1 minute read

DELIVERY DRIVER

One of thirteen children, my grandmother grew up in “lean times.” A crowded farmhouse with too few beds and too many children was no place of packaged convenience for anyone. Work was manual. Money was scarce. Food, by extension, was something of necessity. “Putting lard on the popcorn,” my grandma recalls, “would stick to the roof of my mouth.”

One generation later, as a mother to four children, my grandma cooked like many Midwestern mothers in the 1970s: lots of canned food, lots of carbs, and lots of love. She made sure to fill the dinner table with carefully chosen favorites, simple but made from scratch. In her household, a salad might have included coolwhip and marshmallows with some canned mandarin oranges. She has always had a sweet tooth, I think.

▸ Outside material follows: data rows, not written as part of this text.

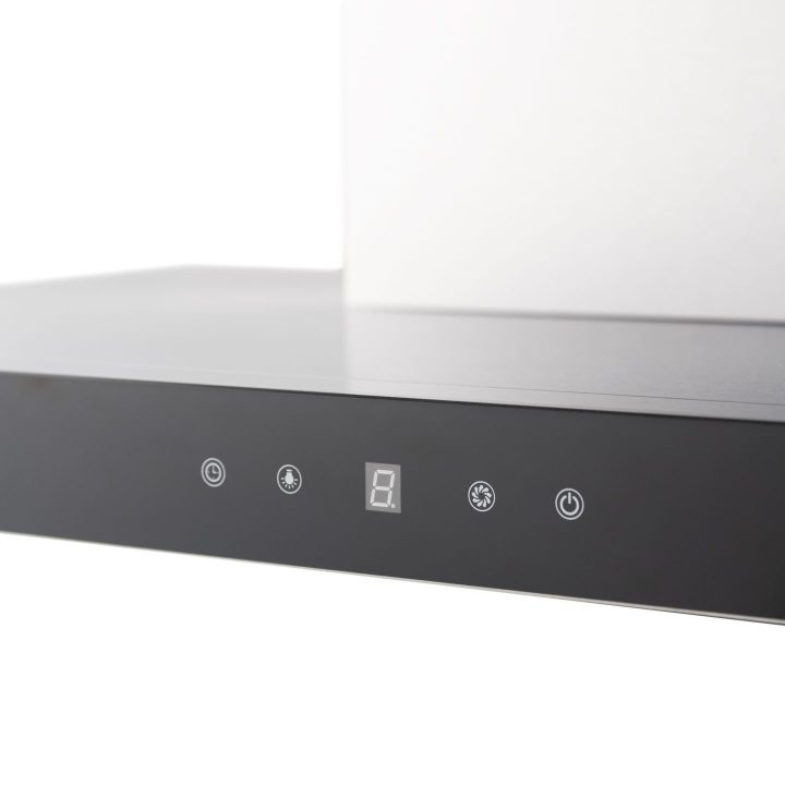This powerful 90cm cooker hood looks fantastic with its black glass front panel with touch controls, digital display, stainless steel extendable chimney and 2x energy saving LED spotlights that will light up your cooking area. The touch controls and digital display will give your kitchen a modern and stylish focal point and the square glass front is easy to clean as you don’t have to worry about your buttons getting clogged up with grease. This black cooker hood also features an auto shut off timer so you can leave the kitchen without worrying.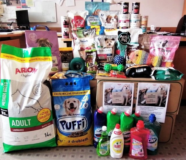 Kilkadziesiąt kilogramów karmy, ciepłe koce, środki czystości, smycze i# oczywiście mnóstwo smaczków przekazaliśmy na rzecz Schroniska dla Zwierząt w Bydgoszczy.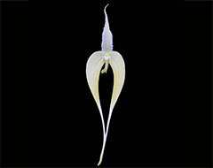 下画像のバルボフィラム3種が栽培されている高温室内では、晴天日の日中の温度は35℃以上、一方デンドロビウム2種の中温室内では30℃前後となる中でのそれぞれの開花となっています。Den. klabatenseは42輪の同時開花で下画像は3日の撮影です。株の根元に小さな新芽が出ていたため今回は高温障害を恐れ、撮影後に全ての花を摘みました。高温室栽培のPaph. lowii var. albumは、20年近く前に米国Orchid Innから入手した実生(自家交配)株で、花サイズは左右のペタル間スパンで9-10㎝となります。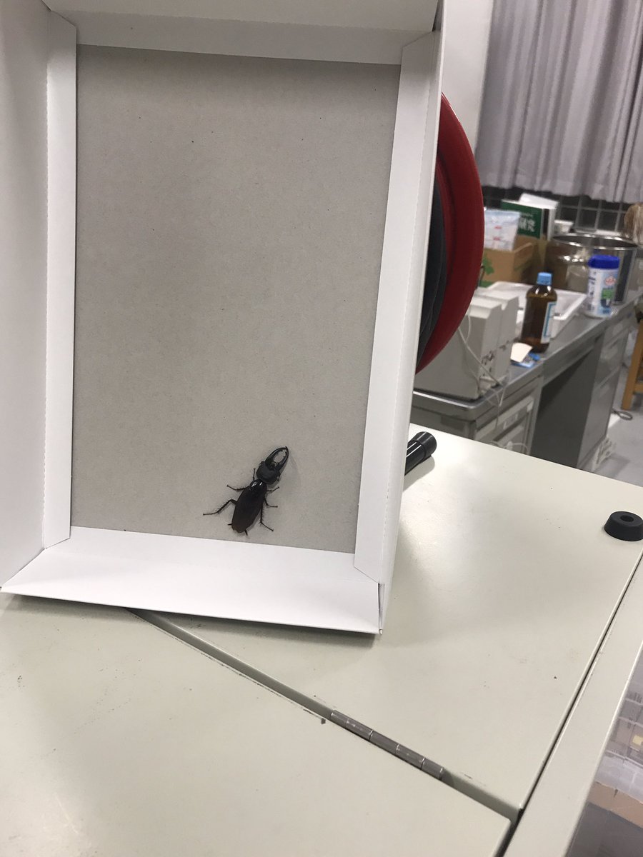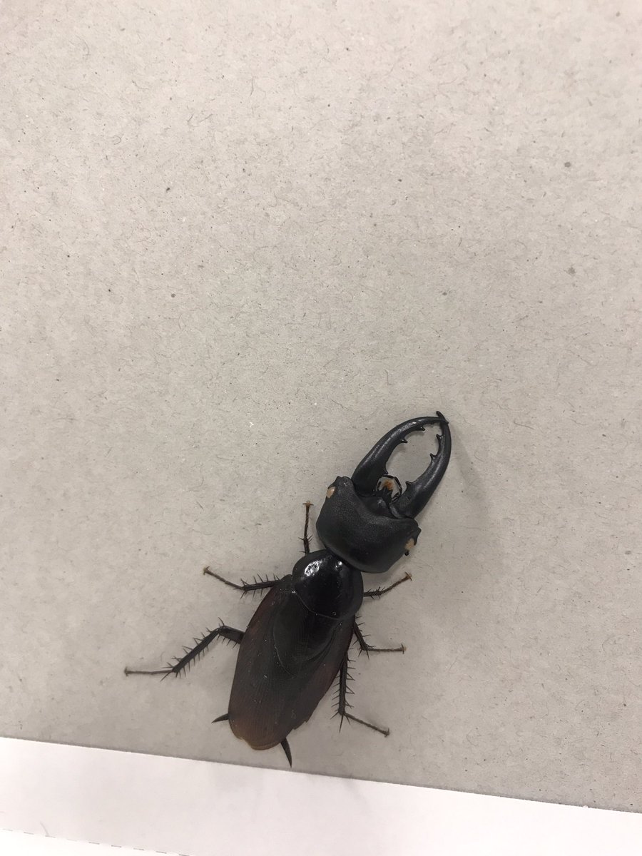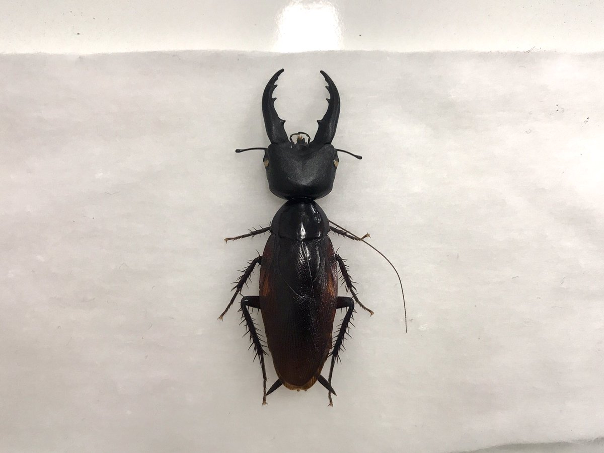 ▼仔細看看,似乎有什麼不對……原來這隻蟑螂頭上的大螯有問題。@r_sato55弄清楚情況後解釋說,學生在生物教室做的標本沒處理好,變質引來了蟑螂。蟑螂的嘴器和鍬形蟲的頭部標本卡在了一起,就變成了新品種,把學生們都嚇到了。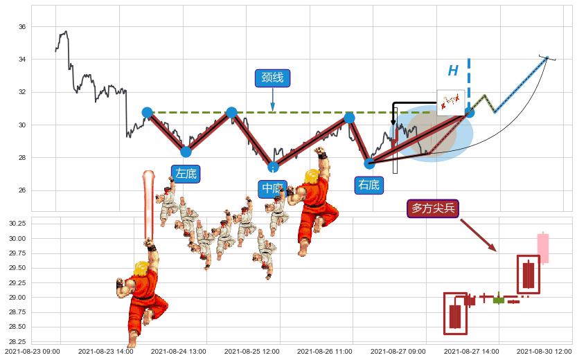 ➢ 图示②④⑥三个波谷均在 30.76 附近成功获得【支撑】→反弹上涨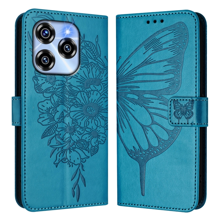 Funda de Cuero para Oukitel C50 con Diseño de Mariposa en Relieve (Azul)

Her yellow-paged recipe books have crossedout equations, little additions, marking when to substitute butter for oil or how to quickly multiply the recipe for her family of six. But there are so many penciled conceptualizations that don’t make the paper. Little mental notes that put care into the things she cooked. Things that make food slow. In an age of boxed dinner kits with pre-portioned seasonings or drive-thrus mass-producing the same product for twelve hours a day, the magic of slow food seems to be disappearing.

I think back to my grandmother’s childhood. Brutal prairie winters, dinners cooked to sustain the hard work in the rows of corn, a life of harsh simplicity.